SOURCE MATERIAL ▸

==============================

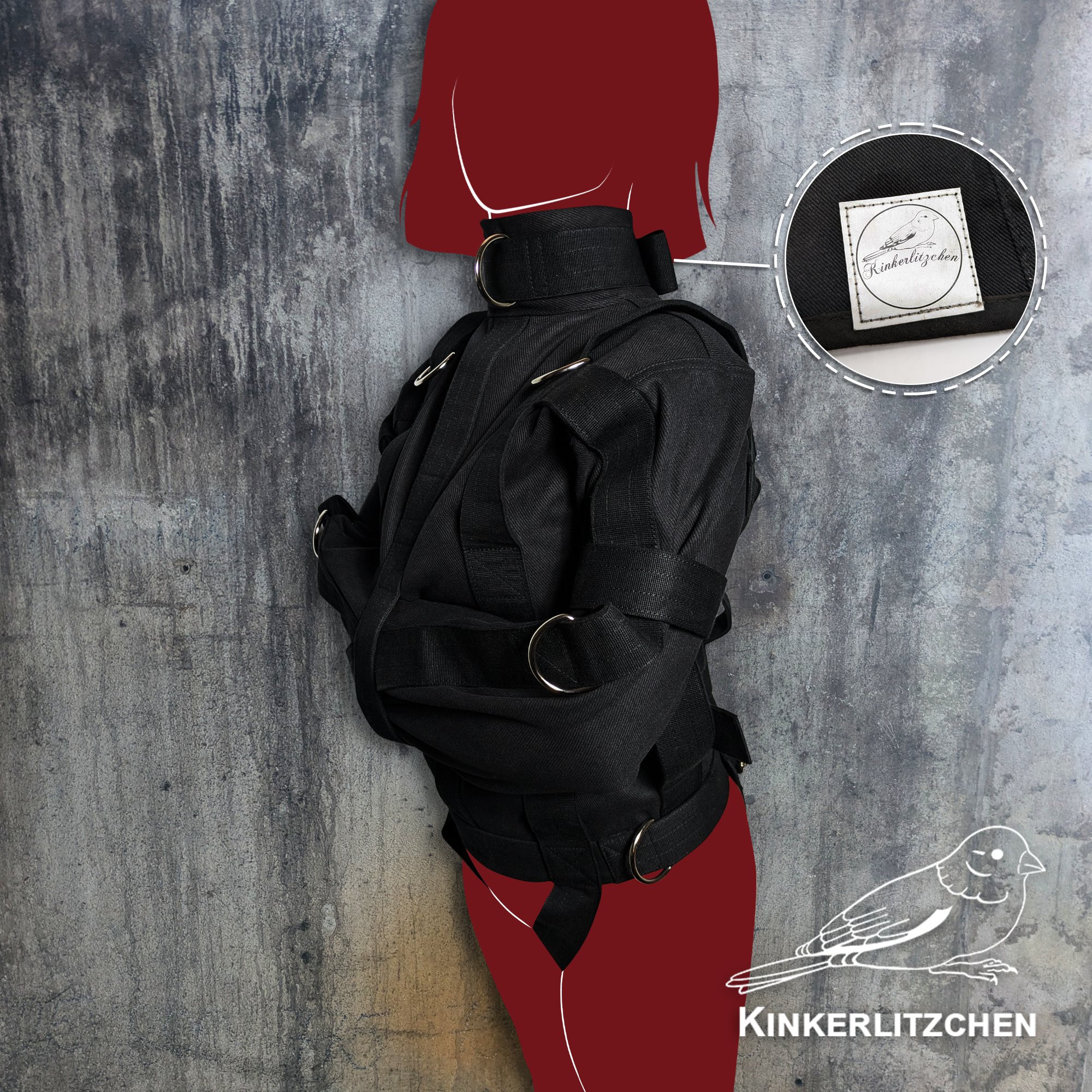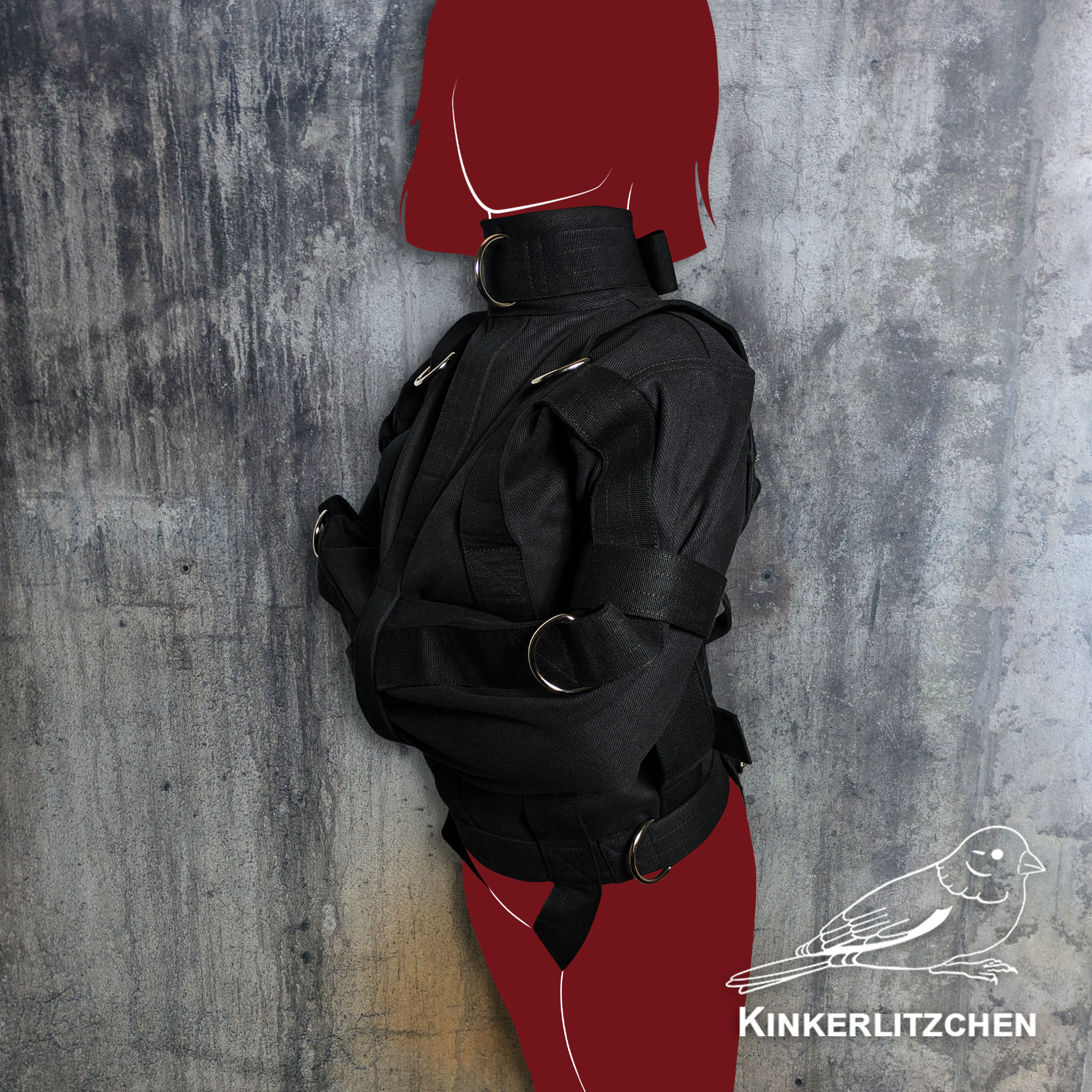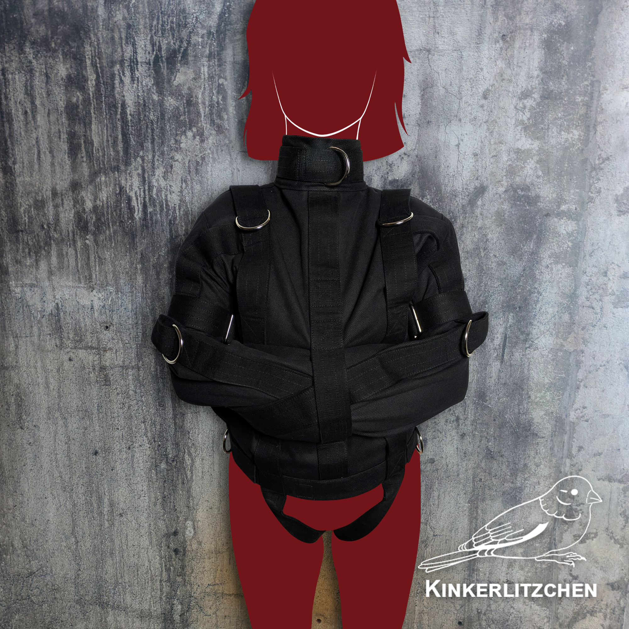 Features multiple sturdy metal rings positioned on the jacket to allow for increased constriction, bondage attachments, or controlled positioning within a scene. These reinforced points expand restraint possibilities while maintaining structural integrity.
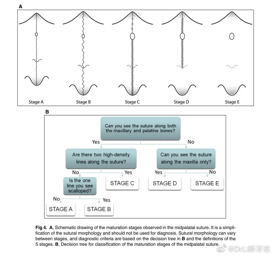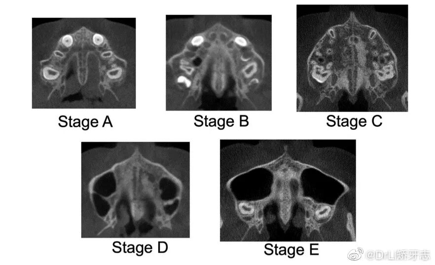 D期:在腭中缝前部可见两条锯齿状高密度线,腭中缝后部(腭骨处)模糊。
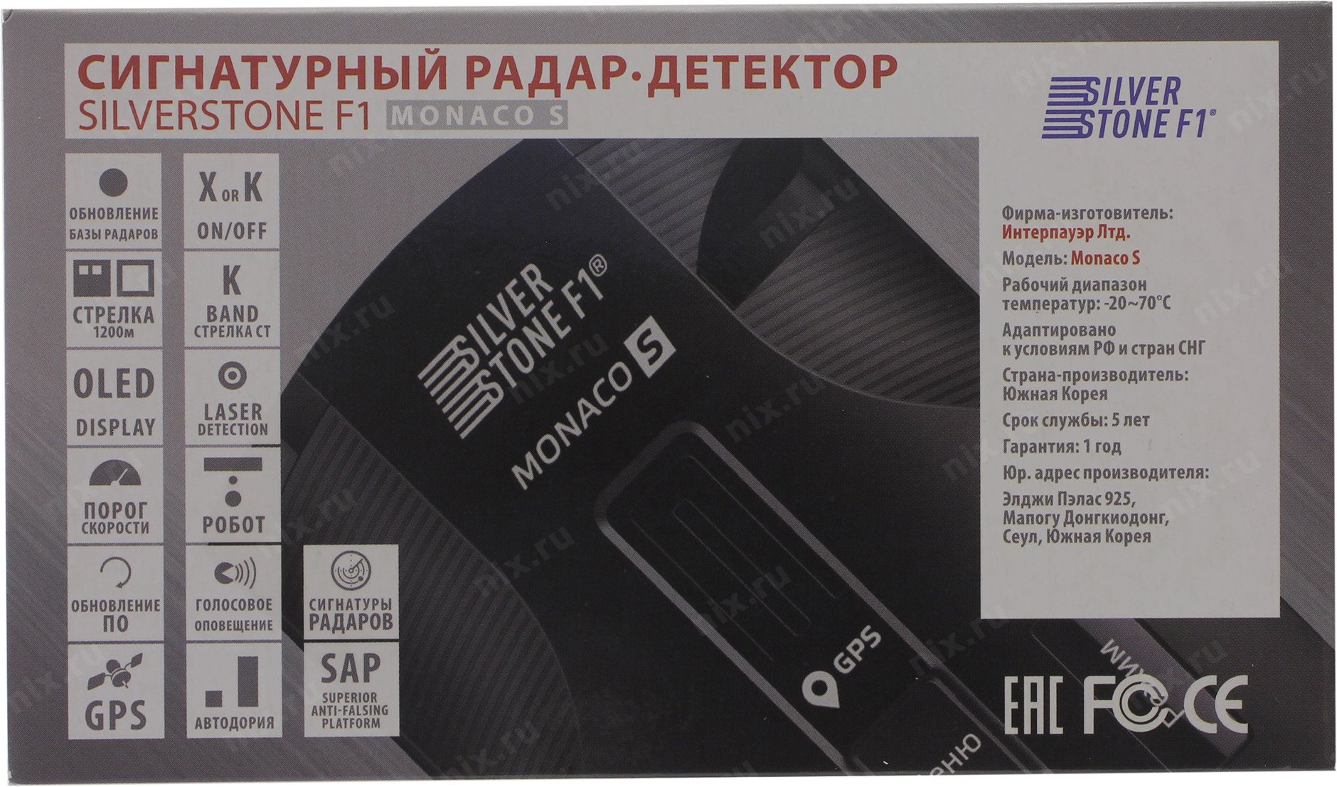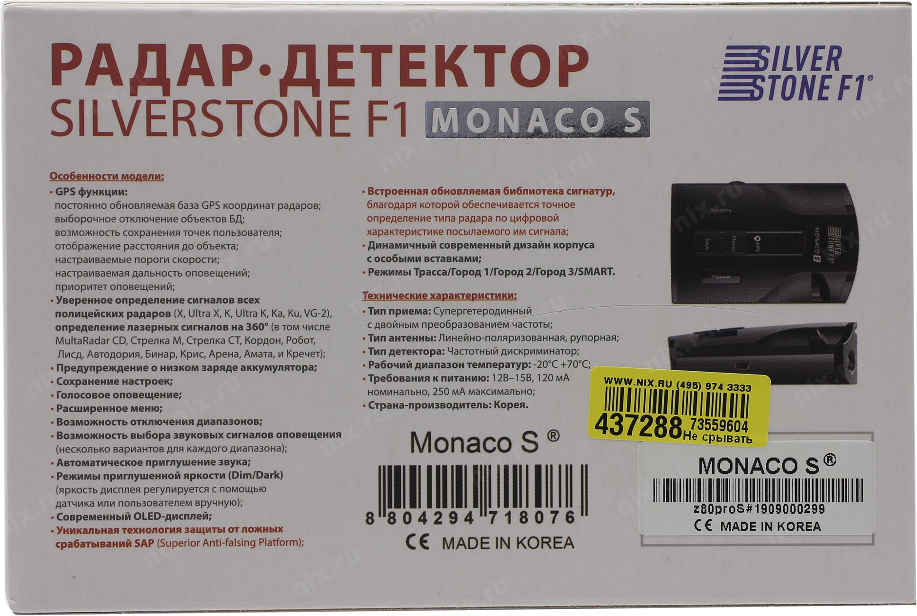 Видеорегистратор Silverstone F1 <Monaco S> (Радар-детектор, X/K/Ku/Ka, GPS)

==============================

GOAL OF THE EXERCISE ▸ Leave every image out, and retype the material exactly.

RESPONSE ▸
 Features multiple sturdy metal rings positioned on the jacket to allow for increased constriction, bondage attachments, or controlled positioning within a scene. These reinforced points expand restraint possibilities while maintaining structural integrity.
 D期:在腭中缝前部可见两条锯齿状高密度线,腭中缝后部(腭骨处)模糊。
 Видеорегистратор Silverstone F1 <Monaco S> (Радар-детектор, X/K/Ku/Ka, GPS)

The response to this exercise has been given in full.